The Codex CLI version is now pinned in runtimes/codex/adapter.yaml so a mid-flight Codex schema change doesn’t silently break the install. The v0.8.1 hotfix closed the coda to this one: the install path had shipped broken, with generated skills referencing ~/.codex/templates/ while the installer staged shared assets under the namespaced ~/.codex/add/. Every skill invocation would have failed to resolve its asset refs. Fixed in v0.8.1, with a regression smoke test that installs into a temp CODEX_HOME and asserts every path resolves.

AGENTS.md as an output, not an input

AGENTS.md is now the cross-tool standard (Linux Foundation, 60k+ projects). ADD treats it as an output — your project gets a tool-portable AGENTS.md at its root that any agent in any tool (Cursor, Codex CLI, Copilot, Windsurf, Amp, Devin) can read without needing the ADD plugin installed.

The generator is maturity-aware: POC gets bullet points, Alpha gets sectioned content, Beta gets the full structure (autonomy ceiling + active-spec pointer + conditional TDD section), GA gets full content plus team conventions. ADD-managed content is wrapped in  marker blocks so your hand-written sections survive regeneration. Four modes: --write (default), --check (CI drift gate), --merge / --import (absorb hand-curated AGENTS.md).

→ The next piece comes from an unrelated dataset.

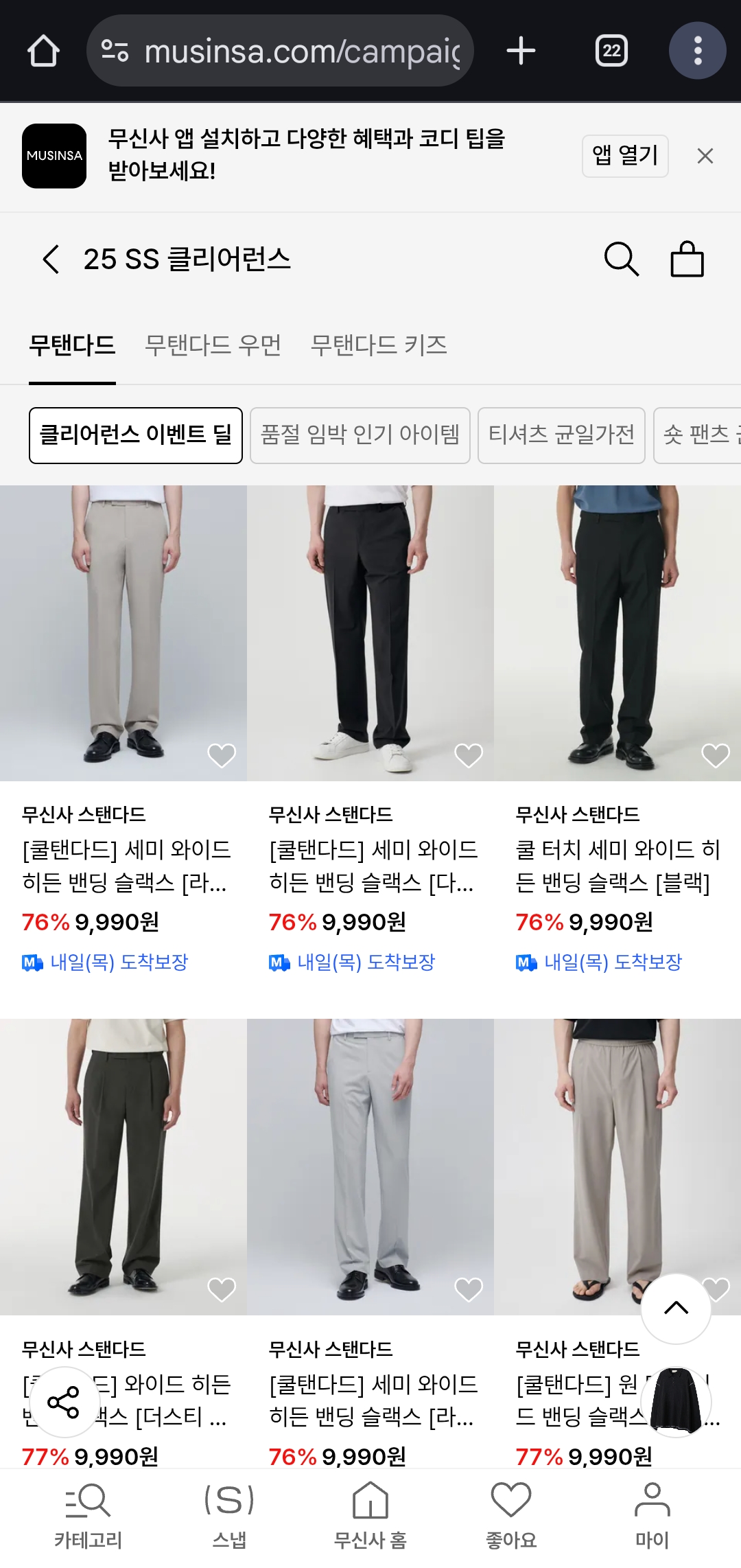 진행처: 무신사 스탠다드 클리어런스 페이지

A PostToolUse hook writes .add/agents-md.stale when .add/config.json, core/rules/*.md, or core/skills/*/SKILL.md changes and an AGENTS.md exists at root. The hook never auto-rewrites — the human triggers regen. ADD dog-foods the skill; the AGENTS.md at the plugin’s own root is generated by /add:agents-md.

Telemetry: OTel-aligned, not bespoke

ADD now emits structured telemetry to .add/telemetry/{YYYY-MM-DD}.jsonl aligned with the OpenTelemetry GenAI semantic conventions (gen_ai.request.model, gen_ai.usage.input_tokens, gen_ai.usage.output_tokens, gen_ai.usage.cache_read_input_tokens, gen_ai.usage.cache_creation_input_tokens, and a derived cache_hit_ratio). Daily rotation. Null-safe — missing fields emit null, never an error.

/add:dashboard grows a Cost & Velocity panel: per-skill and per-cycle aggregations with an inline SVG trend chart. The EU AI Act deadline in August 2026 pushed audit/cost attribution up the priority stack; this closes that gap without adding any runtime dependency.

Cache discipline: structural, not quantitative

Anthropic’s prompt cache offers up to 90% input-cost discount on cache hits and Anthropic’s own case study reports 85% latency reduction on long agent sessions when prompts are cache-aware. The discipline is simple: stable preamble first, volatile state last. v0.9 formalizes it as an auto-loaded rule (core/rules/cache-discipline.md), a validator (scripts/validate-cache-discipline.py), and a remediation pass on the four highest-impact skills (tdd-cycle, implementer, reviewer, verify).

SKILL.md files that dispatch via Task now wrap the cacheable region in  and the per-call region in . Test-writer, implementer, and reviewer dispatches share a byte-identical stable prefix; only the volatile role-specific tail differs. Cache hits compound across sub-agent calls. The validator runs warn-only in v0.9 and --strict in v1.0 once every skill is remediated.

Alpha → Beta

v0.9 is the release that earns the promotion. Readiness against the cascade matrix in core/rules/maturity-lifecycle.md: 12 of 13 applicable requirements met. The single exemption — wiring the guardrail suites into CI — was time-boxed to v0.9.x and closed in v0.9.1. Exemptions list is now empty.

Cascade changes active at beta:

Strict TDD enforcement (not just critical paths — all code)
Reviewer agent recommended on all changes (up from optional)
Balanced /add:away autonomy (plan reviewed, execution autonomous, verify with human)
Interview depth: ~12 questions (up from ~8)
Parallel-agent ceiling raised 2 → 3

Next promotion criteria for GA (logged in .add/config.json): guardrail suite running in CI and release-blocking (done), real Claude + Codex install smoke in CI, per-runtime capability matrix in release notes, 60-day stability at beta, marketplace submission approved, 20+ projects using ADD.

How it was built: seven swarms, one session

The seven M3 specs were drafted, built, and merged in a single session using ADD’s own /add:away workflow. A ten-hour autonomy window, explicit hard boundaries (no merge to main, no prod deploy), and seven parallel worktree-isolated agent swarms — one per spec. Each swarm followed the ADD SDLC end-to-end: read spec, draft plan, write RED fixtures, implement GREEN, run the verify gates, open PR.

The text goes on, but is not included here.